Comme excitée d’une joie mauvaise, la créature serre fort la besace contre sa poitrine flasque, sautille sur ses pattes gélatineuses et s’empresse d’aller à l’extérieur de la cité où se dresse la colonne aux milliers d’yeux.
Maldoror continue son chemin parmi les ruelles inégales maladroitement pavées. La ville entière semble déserte, engoncée dans une torpeur morbide. Seuls quelques badauds inexpressifs se déplacent le long des trottoirs morcelés. Bras ballants, pâles et décharnés, ils vont et viennent sans but précis ; la vie les a quittés depuis longtemps. Les maisons, laissées à l’abandon, affichent sur leurs façades à la noirceur de cendre les stigmates d’affrontements furieux et lointains, derniers vestiges de l’unique insurrection à avoir embrasé ces lieux. Il n’y a que la tour noire, aux fenêtres en ogive resplendissant d’une lueur étrange, qui semble animée. Loin de l’artère principale conduisant à l’entrée de la tour, il descend à présent les cent marches d’onyx qui s’enfoncent directement dans la roche, tout en prenant garde de ne pas altérer le corps de sa nouvelle proie qui se balance sur son épaule. Alors qu’il paraît marcher vers une infranchissable paroi de pierre sculptée, celle-ci s’efface sur son passage et lui permet d’accéder à une caverne monumentale.

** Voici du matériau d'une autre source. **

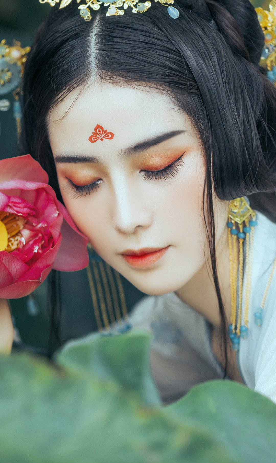 белый, листья, девушка, украшения, цветы, красный, природа, лицо

La bonne odeur du salpêtre mêlée à celle de la putréfaction comble d’aise ses narines délicates. Il se réjouit de retrouver son repaire quitté de longue date : la traque de sa dernière proie a pris plus de temps que prévu mais cela en valait la peine. Il dépose le corps de Marc sur une grande couche de granit, puis choisit avec soin sur une desserte en verre polie une nouvelle fiole dont il boit goulûment le gluant contenu. Une joie immense l’enveloppe, comme peut en ressentir l’homme rentré d’un vaste périple qui retrouve sa famille et son foyer. Il ne lui reste qu’à achever le processus. Sa main blanche et osseuse se pose sur le front de Marc, et Maldoror commence à psalmodier un chant incantatoire dans une langue inconnue des hommes. Des spasmes animent soudain le cadavre : il se délecte de ces convulsions folles, savoure chaque instant du charme funèbre dont il est l’instigateur, qui violemment arrache les morts à leur repos sans lui éternel — offrande des dieux d’un autre temps, qui sublime sa toute-puissance sur l’humanité déchue.